We similarly reject the commissioner's argument that the court must apply E. Ohio Gas Co. retroactively. Although we did not expressly provide that our holding in that case be applied prospectively only, in this case, R.C. 5739.16(B) blocks retroactive application of the decision. Where a decision of this court arguably invalidates a rule of the Tax Commissioner under which the collection or payment of sales or use tax is not required, the Tax Commissioner is precluded by R.C. 5739.16(B) from assessing taxes in contravention of its rule on transactions which occurred prior to the issuance of the court's decision. For purposes of R.C. 5739.16(B), an administrative rule adopted by the Tax Commissioner remains "in full force and effect" until the commissioner rescinds it or a court specifically declares it invalid as being contrary to statute or unreasonable. Therefore, pursuant to R.C. 5739.16(B), Lyden is entitled to a refund because "under or by virtue of [the commissioner's rules] the collection or payment of [the sales tax] was not required."
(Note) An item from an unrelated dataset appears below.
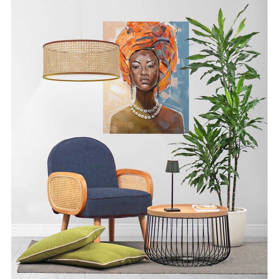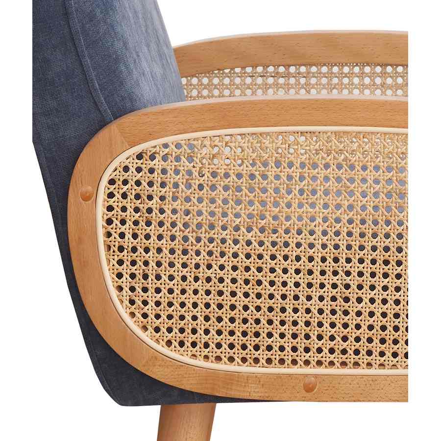 Poltrona design vintage Doris la poltroncina ideale per qualsiasi ambiente. Che si tratti del soggiorno, dello studio o della tua camera da letto questo modello dona un autentico tocco di originalità e confort. L'unicità è dovuta alla rivisitazione del classico stile mid century a cui si aggiungono influenze scandinave e moderne. Doris presenta una struttura in legno di faggio e un elegante rivestimento in tessuto blu impreziosito da braccioli in legno di rattan e paglia di vienna.

We find our precedent in Youngstown applicable to this case. The decision of the BTA is reversed.
Before the BTA, the commissioner argued that equipment installed at dealer-operated stations was used directly in making retail sales not by Lyden but by the dealer-operators. Therefore, the commissioner argued, even if this equipment were considered to have remained personal property, Lyden would still not be entitled to the exemption. Because the BTA found that R.C. 5739.16(B) did not apply and that all the equipment at all stations had been incorporated into real property, it did not consider this argument. We remand to the BTA for determination of this issue.
Decision reversed and cause remanded.
DOUGLAS, RESNICK, F.E. SWEENEY, PFEIFER, COOK and STRATTON, JJ., concur.